Write out exactly the lines below from the one containing "6月17日,绍兴市人力资源和" to the last, both ends kept, and nothing more; skip all pictures.

(GIVEN INFORMATION begins)

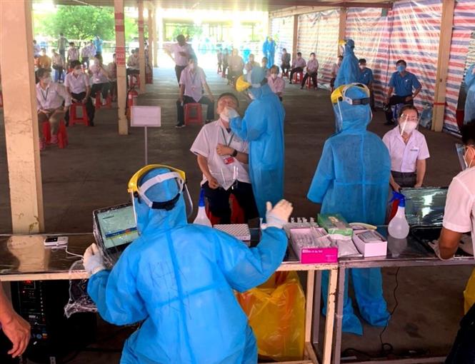 Xét nghiệm test nhanh cho công nhân Khu công nghiệp. Ảnh: TTXVN
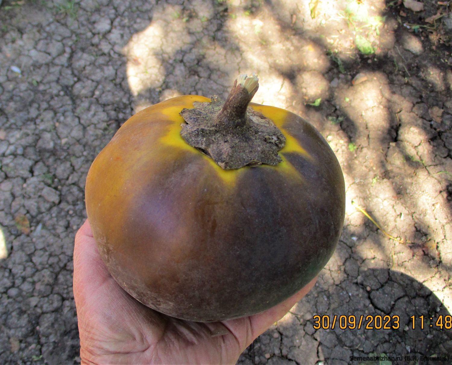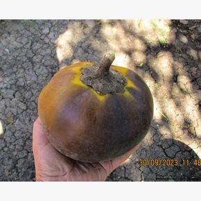 Очень красивый коллекционный сорт баклажана с оригинальными, ярко-фиолетовыми плодами для выращивания в теплицах и открытом грунте. Раннеспелый, крупноплодный сорт с превосходными вкусовыми характеристиками. Период от появления всходов до созревания первых плодов 110-115 дней. Растения мощные, средней высотой 50-60 см и до 1 м в условиях теплицы. полураскидистые. Стебли и листья с антоциановой окраской. Плоды округлые, диаметром 15–18 см., массой 350-380 г, с антоциановой окраской чашечки. Сорт отзывчив на качество ухода. При хорошей агротехнике и регулировании числа завязей на растении масса плода может достигнуть 800 г. Мякоть белая, без горечи, семян мало. Великолепно подходит для переработки. А плоды, сорванные маленькими, – для цельноплодного запекания и приготовления на пару. Рекомендуется для всех видов кулинарной переработки. Плоды обладают высокими вкусовыми характеристиками, баклажаны лучше всего подходят для приготовленных блюд, таких как приготовление на гриле, запекание, пассерование, жарка во фритюре, тушение и маринование. Отличается дружным и продолжительным плодообразованием, не требует больших затрат труда по уходу. Предназначен для защищенного грунта (всех типов теплиц), а также для открытого грунта. Сорт достаточно устойчив к основным заболеваниям. Урожайность до 5 кг/м2. Ценность сорта: стабильное плодоношение, плоды пригодны для длительного хранения и транспортировки, устойчивость к комплексу заболеваний, выносливость к холоду, изумительные вкусовые качества, пригодность для быстрой обработки. Характеризуется дружным и продолжительным плодообразованием, устойчивостью к болезням и универсальным использованием. Посев на рассаду проводят в конце февраля, пикировку – в фазе семядолей. К моменту высадки рассада должна быть в фазе бутонизации, иметь 6-10 настоящих листьев. Высадка рассады – в конце мая. Формировка: удаление всех боковых побегов и листьев до первой развилки. В теплице растения подвязывают и формируют в 2-3 стебля. Удаляют пасынки и побеги, направленные внутрь куста, а позже – листья на штамбе до первой развилки.К концу июля на растении оставляют 5-6 самых крупных завязей, другие цветы и завязи удаляют. Схема посадки 40х60 см. Товарная урожайность до 5,5 кг/м2. Сорт очень урожайный, плодоносит до заморозков, хорошо растет в доме на окне. В пакете 20 шт. семян.
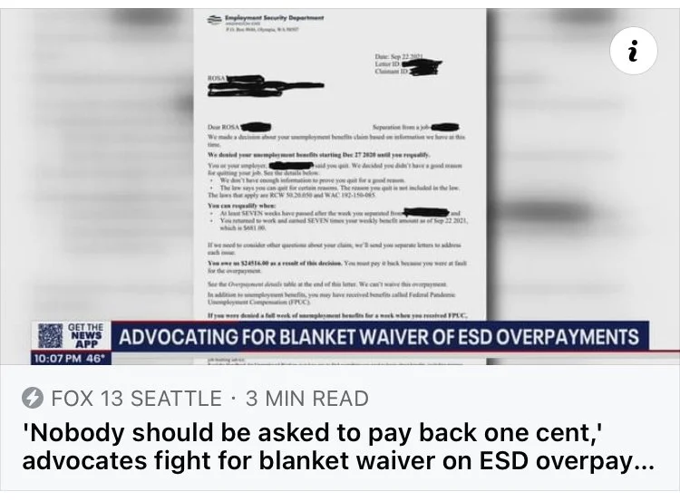 So workers are speaking out to demand the state waive these threatening “overpayment notices”. And FOX 13 News in Seattle took up the story:
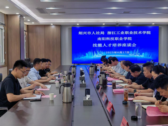 6月17日,绍兴市人力资源和社会保障局职技中心副主任凌军、职技中心科长谢戬堃及浙江工业职业技术学院继续教育学院院长潘钧飚、副院长赵军、综合办公室主任耿国耀到我校交流考察,南阳科技职业学院校长郭淼、副校长袁基干、刘彦及教务处、人事处、招生就业处、各二级学院负责人参加交流座谈,会议由刘彦主持。
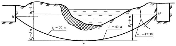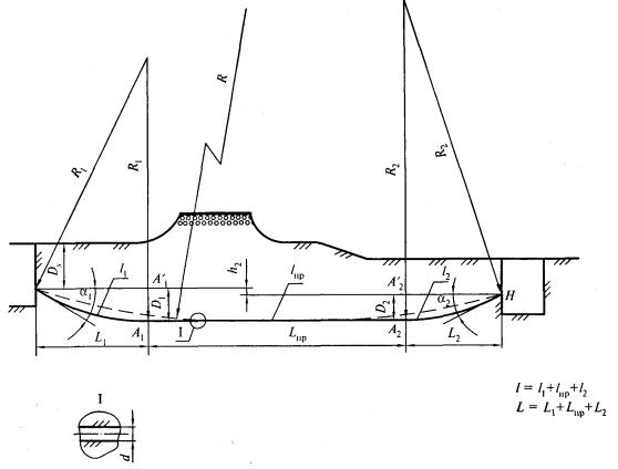 где l2 - теоретическая длина пилотной скважины от точки максимальной глубины до точки выхода в выходном приямке (от точки А2 до точки Н), м. Л.2.10 Общая длина пилотной скважины l от точки входа до точки выхода (рисунок Л.1) состоит из: l = l1 + lпр + l2, (15) где lпр - длина прямолинейного участка; l - общая длина пилотной скважины от точки входа до точки выхода (от точки М до точки Н). Рисунок Л.4 - Расчетные параметры пилотной скважины При наличии нескольких прямолинейных и криволинейных участков общую длину пилотной скважины рассчитывают по формуле l = l1 +l1пр + l1кр + l2пр + l2кр + l3пр + … + l2, (16) где l1пр; l1кр; l2пр; l2кр; l3пр - длины различных прямолинейных и криволинейных участков. Л.2.11 Длина пилотной скважины в плане L1 от точки входа в грунт до точки максимального заглубления (рисунок Л.1) определяется по формуле

(GIVEN INFORMATION ends)

> **WRITTEN RESPONSE**
 6月17日,绍兴市人力资源和社会保障局职技中心副主任凌军、职技中心科长谢戬堃及浙江工业职业技术学院继续教育学院院长潘钧飚、副院长赵军、综合办公室主任耿国耀到我校交流考察,南阳科技职业学院校长郭淼、副校长袁基干、刘彦及教务处、人事处、招生就业处、各二级学院负责人参加交流座谈,会议由刘彦主持。
 где l2 - теоретическая длина пилотной скважины от точки максимальной глубины до точки выхода в выходном приямке (от точки А2 до точки Н), м. Л.2.10 Общая длина пилотной скважины l от точки входа до точки выхода (рисунок Л.1) состоит из: l = l1 + lпр + l2, (15) где lпр - длина прямолинейного участка; l - общая длина пилотной скважины от точки входа до точки выхода (от точки М до точки Н). Рисунок Л.4 - Расчетные параметры пилотной скважины При наличии нескольких прямолинейных и криволинейных участков общую длину пилотной скважины рассчитывают по формуле l = l1 +l1пр + l1кр + l2пр + l2кр + l3пр + … + l2, (16) где l1пр; l1кр; l2пр; l2кр; l3пр - длины различных прямолинейных и криволинейных участков. Л.2.11 Длина пилотной скважины в плане L1 от точки входа в грунт до точки максимального заглубления (рисунок Л.1) определяется по формуле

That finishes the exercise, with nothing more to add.